SUMMARY OF THE INVENTION

[0006] The invention provides a valve that one may use to finely adjust the amount of fluid (liquid or gas) that flows to a device such as a portable gas burner. The valve comprises a receiver through which fluid flows when the valve is open, a metering groove operable to form a metering passage to limit the flow of fluid through the receiver, and a stem positionable relative to the receiver to form the metering passage from different portions of the metering groove to adjust the amount of fluid that may flow through the receiver. The metering groove includes a groove axis that extends the length of the metering groove and cross-sectional areas oriented perpendicular to the groove axis that differ according to their location along the axis. The metering passage is formed from all or a portion of the metering groove, and limits the flow of fluid through the receiver with the smallest cross-sectional area of the metering groove portion that forms the metering passage. To adjust the flow of fluid through the receiver, one moves the stem relative to the receiver to change the portion of the metering groove that forms the metering passage, and thus, change the smallest cross-sectional area of the metering groove that is included in the metering passage. Thus, the valve can finely adjust the amount of fluid that flows through the valve.

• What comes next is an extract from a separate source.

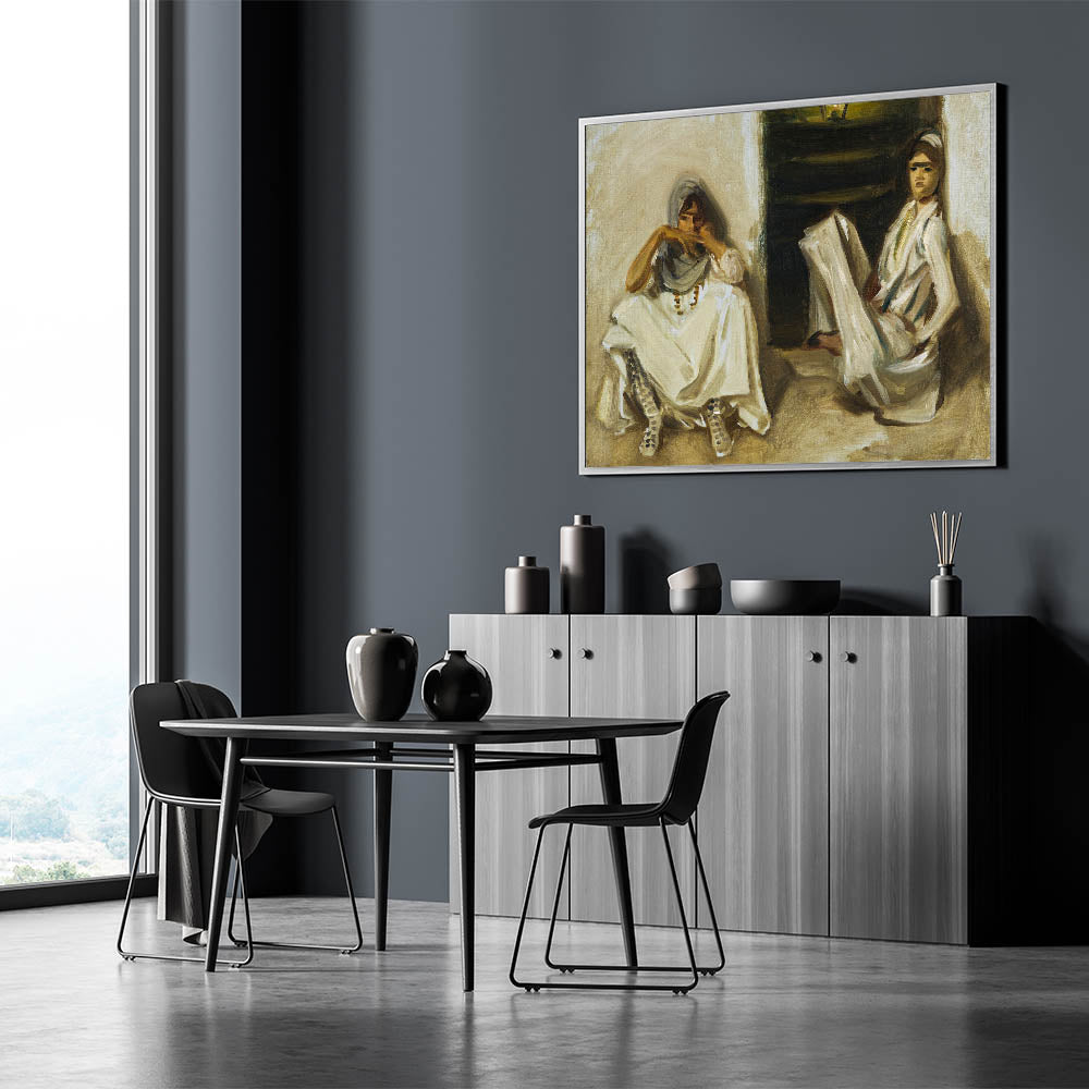 This exquisite piece, "Two Arab Women" by John Singer Sargent, captures the essence of Romanticism through its emotional depth and cultural storytelling. Rendered in soft brushstrokes, the painting depicts two women in quiet contemplation, evoking themes of introspection and resilience. Perfect for art lovers seeking meaningful pieces, this artwork adds a sense of history and elegance to any space.

[0007] In addition to finely adjusting the amount of fluid that flows through the valve, one may use the valve to coarsely adjust the amount of fluid that flows to a device. For example, when the valve is opened and the stem is positioned relative to the receiver such that a metering passage is not formed, the valve may function similar to the conventional valve shown in FIG. 1. More specifically, during coarse adjustment of the valve, the distance between a distal end of the stem and the receiver determines the amount of fluid that flows through the valve. Thus, one may use the valve to finely and coarsely adjust the amount of fluid that flows to a device as desired. Furthermore, when the valve is opened, the positioning of the stem's distal end out of the hole in the receiver allows particles to be cleared from the metering groove.

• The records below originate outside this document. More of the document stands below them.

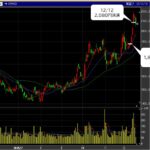 - 4日目(12/2): この日はあまり値動きなく、少しだけ上昇したが、高値は切り下げて来たため、逆指値を12/1高値1,482円に引き下げる。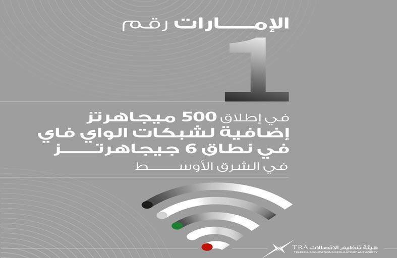 أعلنت الهيئة العامة لتنظيم قطاع الاتصالات عن توسيع نطاق الطيف الترددي المتاح لشبكات الـ”واي فاي” بإضافة تردد 500 ميجاهرتز في نطاق 6 جيجاهرتز للجيل الجديد من شبكات الواي فاي لتكون دولة الإمارات أول دولة في منطقة الشرق الأوسط وشمال إفريقيا التي تطلق هذا التردد في النطاق 6 جيجاهرتز “بالتحديد 5925 – 6425 ميجاهرتزط مع السماح بقدرة إرسال قصوى تبلغ 250 ميللي واط «EIRP» متاحا للاستخدامات الداخلية لشبكات الواي فاي فقط.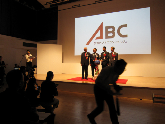 こちらは安城市長、安城市議会議長、安城商工会議所会頭と、我らがABCの生熊センター長による開所セレモニーの様子です。

[0008] In one embodiment, the stem includes the metering groove located on a cylindrical tip, and the receiver includes a wall defining a cylindrical hole sized to receive the tip to form the metering passage. The metering groove has cross-sectional areas shaped like a “U” that differ along the groove axis in the distance between the crest and root of the “U”. When the tip of the stem is inserted into the hole of the receiver, all or a substantial portion of the fluid that flows through the receiver flows through the metering passage. Then, as one moves the tip further into or out of the hole, one decreases or increases, respectively, the flow of fluid through the receiver.

BRIEF DESCRIPTION OF THE FIGURES

[0009] FIG. 1 is a cross-sectional view of a conventional needle valve.

[0010] FIG. 2 is an exploded, perspective view of a system that incorporates a valve according to an embodiment of the invention.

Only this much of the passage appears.